Мемнон и Сатир, взяв с собой сотню человек, спустились в деревню и собрали на сход всех ее жителей. Мемнон объявил им, что три тысячи его солдат нуждаются в самом необходимом, и если крестьяне хотят избежать грабежей и насилия, пусть добровольно соберут и отправят в лагерь муку, крупу, масло и солонину.

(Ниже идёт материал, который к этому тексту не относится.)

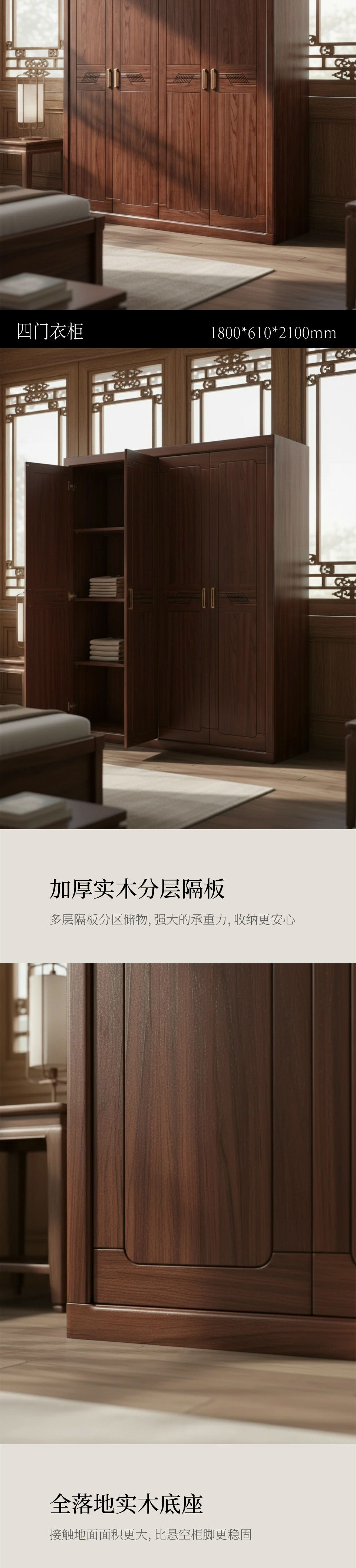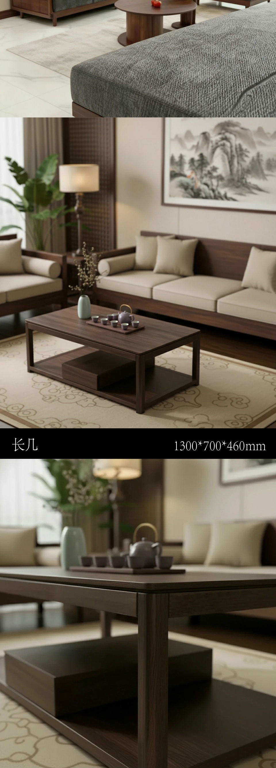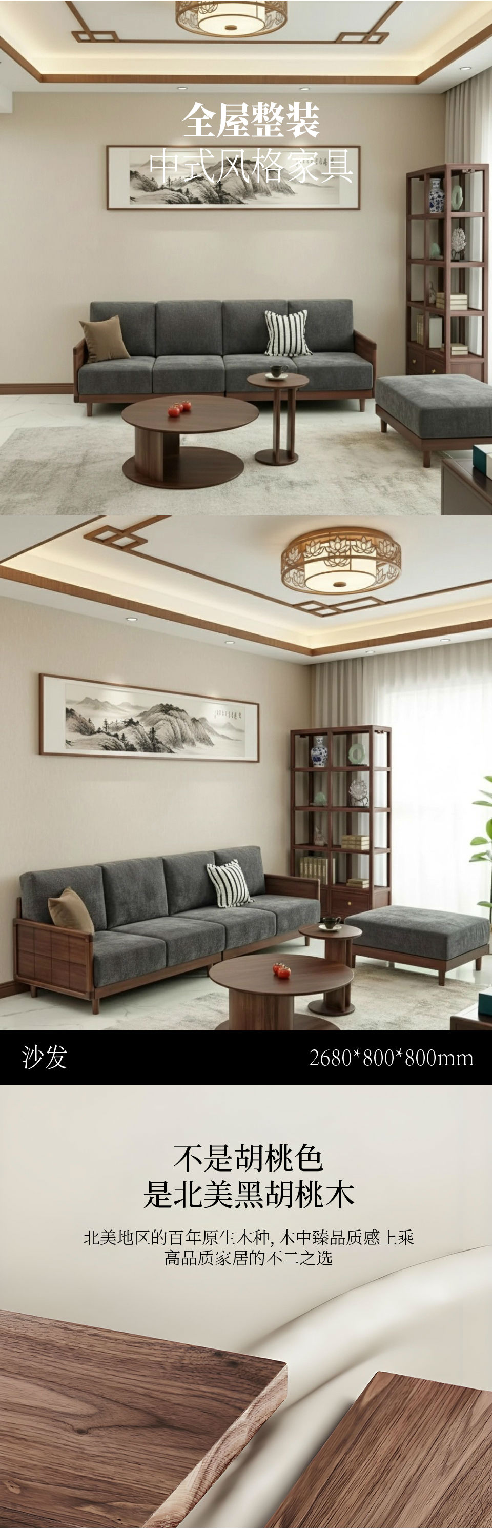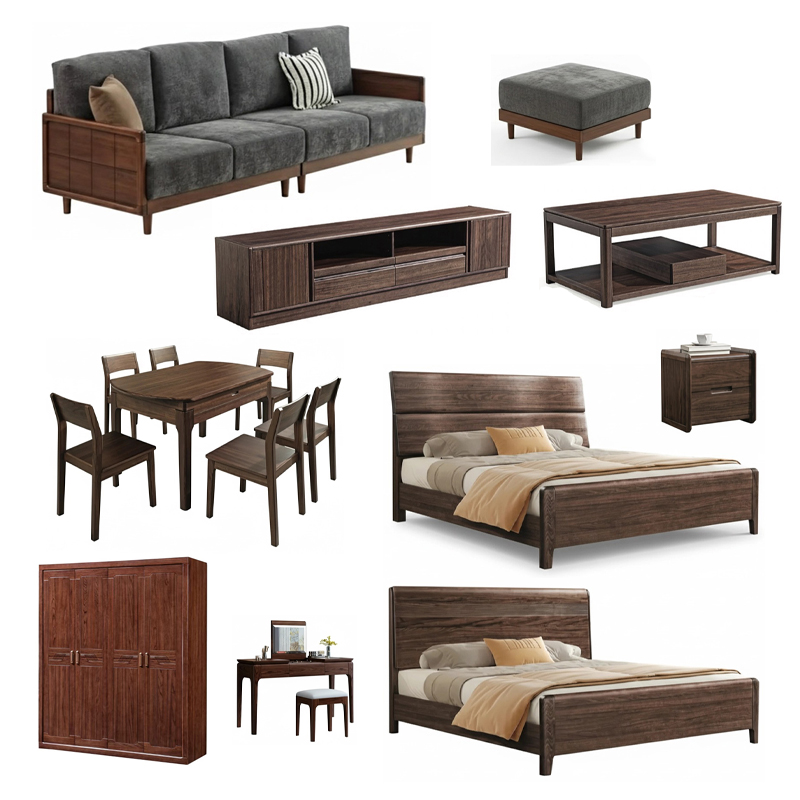 商品名称:中式套餐1 两室两厅家具套餐17件套 黑胡桃中式客厅直排沙发 卧室2床+4床头柜 妆台 衣柜 餐厅1桌4椅
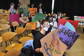 12 mutige SchülerInnen waren bereit, diese Aktion durchzuführen. Wir hatten im Vorfeld ein großes Plakat mit unseren Finger- und Fußabdrücken in verschiedenen Farben vorbereitet. Dieses Plakat sollte die „bunte“ Vielfalt der Menschen symbolisieren, die an unserer Schule gemeinsam lernen, lehren und zusammen arbeiten. Zwei Aktivistinnen entrollten dieses Plakat über den Köpfen der SchülerInnen in der Pausenhalle.

– Завтра мы уйдем отсюда. Решайте сами, что для вас лучше: добровольно доставить припасы моим усталым, голодным и злым с похода солдатам или лишиться всего во время беспощадного грабежа. Будьте же благоразумны!
Слова Мемнона, произнесенные со спартанской краткостью и суровостью, возымели свое действие: весь остаток дня крестьяне вместе со своими рабами, женами и детьми носили или привозили восставшим на тележках кто зерно и муку, кто печеный хлеб и оливковое масло, кто солонину и крупу.
Сатир, по характеру человек общительный, разговорился в деревне с несколькими крестьянами, расспрашивая их о городах на побережье. Вскоре он уже знал, что ближайший морской порт находится всего в шестидесяти стадиях от Аместрата, а на небольшом удалении от него расположены цветущие города Аполлония, Арунций и Агафирна. Сатир также интересовался, какие города и селения находятся к востоку от Аместрата и ближе к горе Этне. Оказалось, что на протяжении более тридцати с лишним миль до города Тиссы нет не только крупных городов, но и больших селений, кроме стойбищ пастухов, кочующих вместе со своими стадами в горных долинах.
Один старик-крестьянин (бывший пастух) сказал Сатиру, что он хорошо знает дорогу к Тиссе. По его словам, этот путь идет по отрогам Небродовых гор, где много труднопроходимых мест и глухих ущелий.
Сатир забросал старика вопросами и выведал у него то, что его особенно интересовало.
– Не так далеко отсюда есть один горный проход, в котором с трудом могут разъехаться две встречные повозки, – сообщил ему крестьянин.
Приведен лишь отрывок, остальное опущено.